Not much longer and they were all in a truck full of rocks driving back to the Magical City of Answers.
The trip back was very short and uneventful, because the Big Green Palace Place was in the center of Magical City of Answers.
They drove the truck full of rocks back to the law firm and parked it there. “I’ll guard the rocks,” called Darunia to the others.
“Um, me too!” said Darunia who was too hungry to do this sort of thing.
They went in, but instead of going back into the closet, Link put his sword to the throat of the lawyer they had seen earlier. “Why,” he asked, “were we threatened to be eaten by lawyers?”
“I—I—I—I—I—I don’t know,” said the lawyer.
Link pressed his sword a little closer to the lawyer’s throat. “Th—th—th—the Boss might know.”
Link took his sword off the guy’s neck and led the group to the elevator. Soft, soothing elevator music filled their ears. Saria wanted to press the button, but Ruto wouldn’t let her; she wanted to press it instead. So they got in a great big fight and Link ended up having to press the button.
For fifty-three and a half stories they rose until the elevator got stuck and the Clown Fire Brigade had to get them out and up the remaining three and a half floors.

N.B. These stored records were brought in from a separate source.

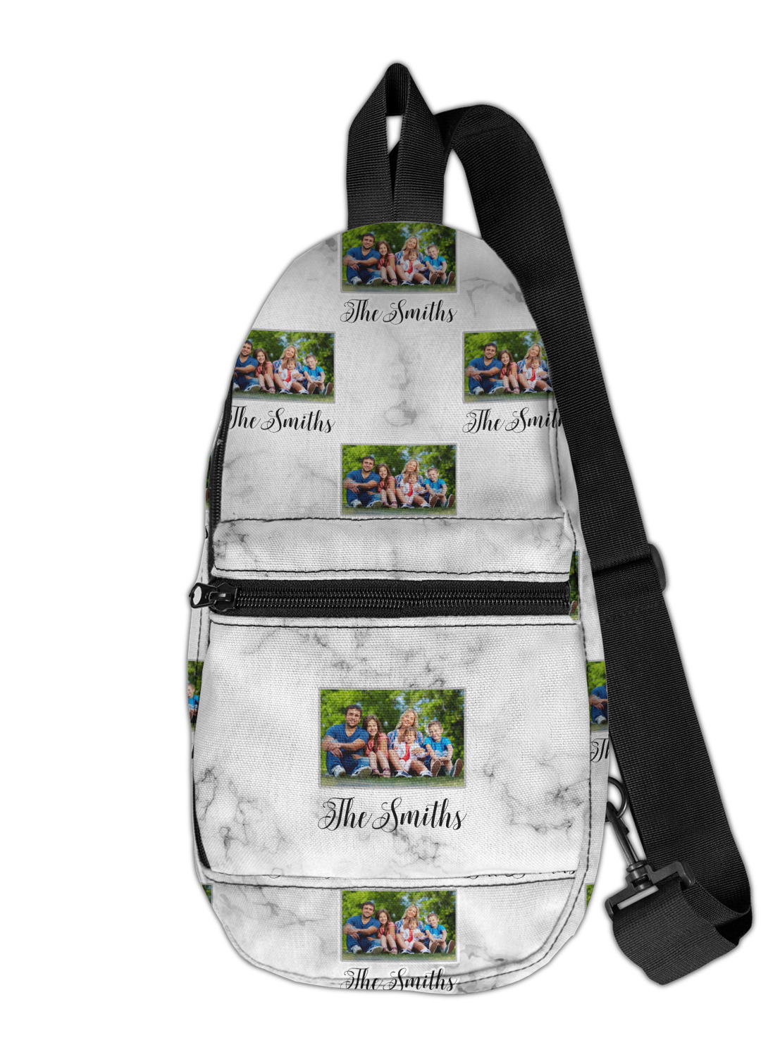 These sling bags are made from a durable polyester canvas. The fabric is printed with your design, then cut and hand sewn right here in the USA.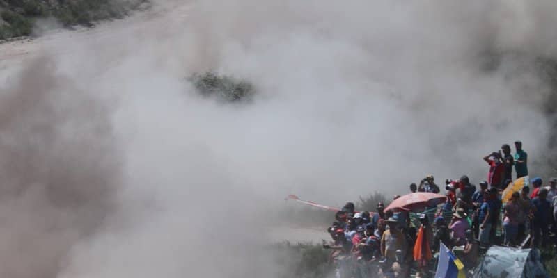 タクトさんが激写したのは、ボンネットが開いたまま走行するWRC2のヤン・コペッキーのシュコダ・ファビアR5。 前方が全く…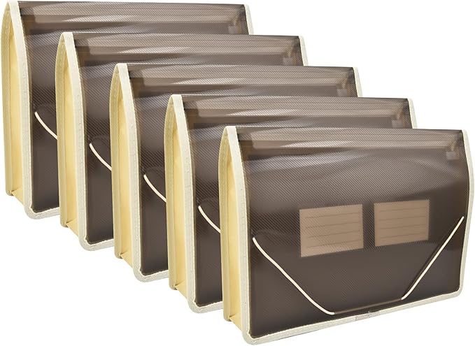 Expanding File Folder Document Organizer r with Flap and Cord Closure, Waterproof Transparent Document Bag, 2.8" Expansion, Letter A4 Expandable File Folder for Home School Office Organization,5 Pack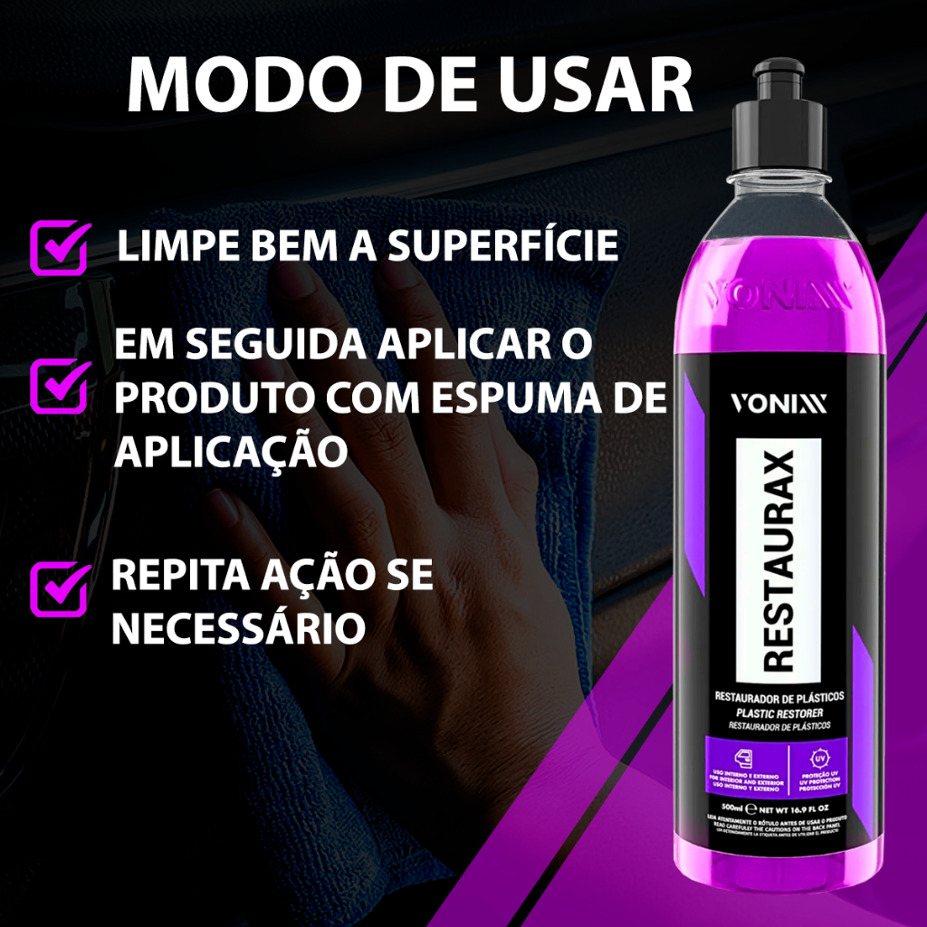 Restaurax renova e restaura superfícies plásticas, como para-choques, painés e laterais de portas. Sua fórmula contém polímeros especiais que também protegem as peças contra as ações do tempo, evitando degradação prococe do material - FICHA TÉCNICA: - Valor referente ao kit - Aplicador de espuma Zacs incluso - Renova e dá brilho - Protege contra a ação do tempo - Contém polímeros de última geração - MODO DE USAR: Limpar bem a superfície e em seguida aplicar o produto com um aplicador de espuma até a completa restauração. Se necessário, repetir a operação. Para manter o plástico sempre novo, repetir a aplicação do produto a cada 60 dias na parte externa e a cada 6 meses na partee interna Obs: Para um resultado com menos brilho, realizar acabamento com uma microfibra PERGUNTAS FREQUENTES: 1). OS PRODUTOS SÃO NOVOS? Sim, todos os nossos produtos são novos. 2) MINHA COMPRA É SEGURA? Sim, todas as transações realizadas dentro da plataforma do mercado livre são seguras, e garante seu estorno em caso de problemas com o produto. 3) O PRODUTO TEM GARANTIA? Oferecemos 3 meses de garantia para os defeitos de fabricação. 4) O PRODUTO TEM NOTA FISCAL? Sim, todos nossos produtos acompanham Nota Fiscal, enviada de acordo com as informações do cadastro do comprador. 5) POSSO REALIZAR TROCA OU DEVOLUÇÃO? Sim, de acordo com os termos, você pode devolver ou trocar seu produto em caso de embalagem violada, avarias e itens faltando na embalagem que não está de acordo com seu pedido em até 7 dias após o recebimento. 6) QUANDO É FEITO O ENVIO? Todos os envios são realizados dentro de 24 horas após a compra, exceto nas compras aos sábados e domingos e feriados. CÓD. REFERÊNCIA: 019345

They passed the time with a conveniently provided ping-pong table.
But eventually they made it to the Boss’ Office. The door to the Boss’ Office was actually a large doorway made with the skulls of dead rodents.
They walked nervously through the doorway, and wandered down a long straight corridor decorated with fun-house mirrors, and sure enough, they got lost. But eventually they remembered that the corridor was straight.

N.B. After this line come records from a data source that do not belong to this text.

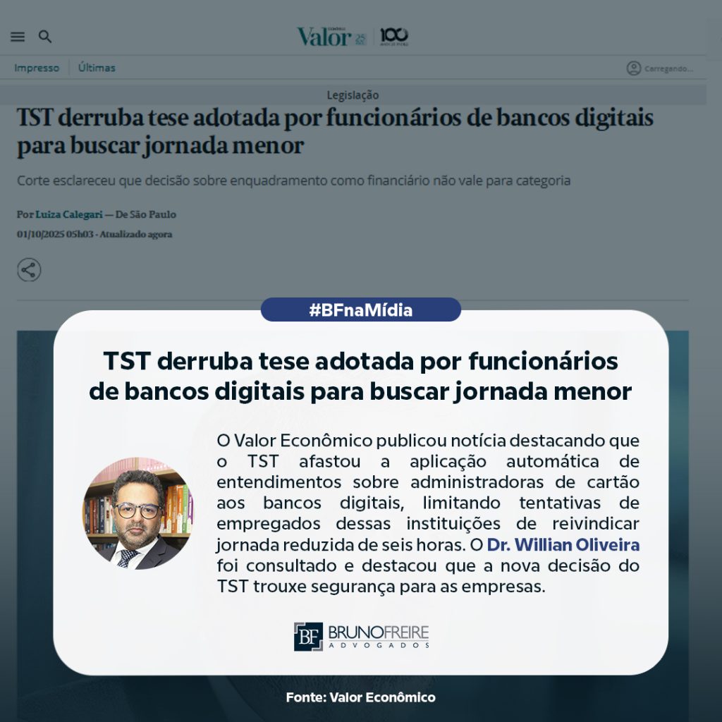 Fonte: https://valor.globo.com/legislacao/noticia/2025/10/01/tst-derruba-tese-adotada-por-funcionarios-de-bancos-digitais-para-buscar-jornada-menor.ghtml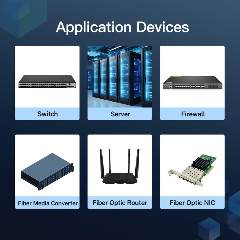 - 4. Wide Application Scope: Suitable for enterprise networks, data centers, and home network setups alike. It supports both 62.5um and 50um LC fiber cables and is compatible with OM1, OM2, OM3, and OM4 fiber types, meeting the connectivity requirements of diverse 1Gbps SFP port-equipped devices.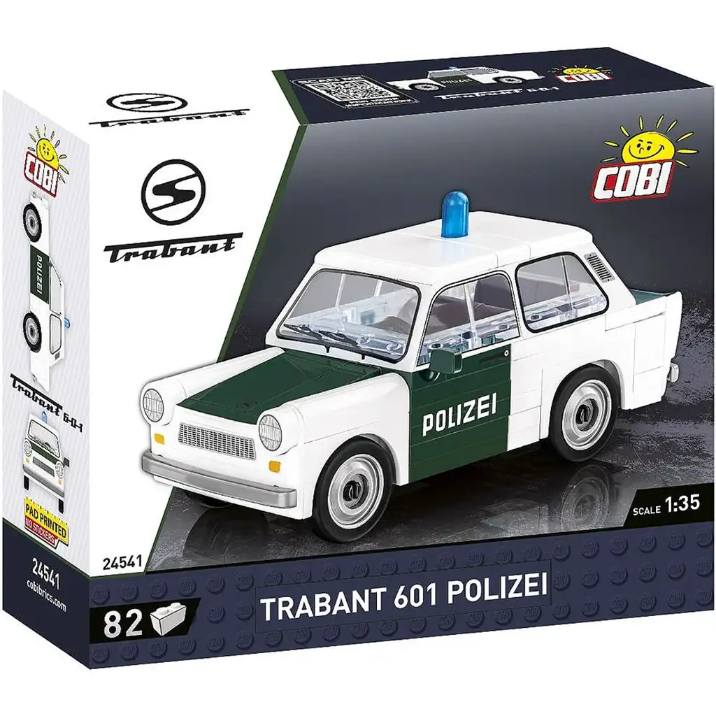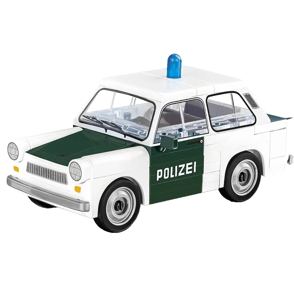 La Trabant 601 Polizei fa parte della collezione COBI Youngtimer, che presenta il modello iconico della produzione automobilistica della Germania dellEst nella versione della polizia. Il set di costruzione è in scala 1:35, rappresentato con colori autentici bianco e verde e dotato di luci della polizia blu. La modellino finito è lunga circa 10 cm, larga 5 cm e alta 4,5 cm.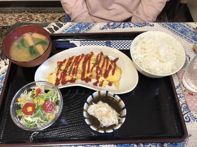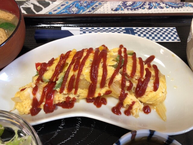ふわふわ玉子にタマネギ、ピーマン、パプリカ等入ったオムレツで美味しい。

At the end of the corridor was a dimly lit room with a black leather chair facing a fireplace on the far end of the wall. “Enter,” said a voice that did not belong to the Boss, because the person in the chair had said it and the person in the chair was the Boss’ secretary.
The chair slowly swiveled, revealing the most beautiful woman Link had ever seen sitting evilly in the evil chair, stroking an evil cat. “Do you have an appointment?”
Now if Link had not been engaged to Zelda, or maybe Malon, he couldn’t think straightly enough to remember, he would have fallen in love with the secretary immediately. Instead, he merely ogled at her.
“We want to see the Boss,” said Zelda.
“Do you have an appointment?” said the evil secretary evilly.
“No,” said Malon.
“Then you can’t see the boss.”
“I got your appointment right here,” said Impa.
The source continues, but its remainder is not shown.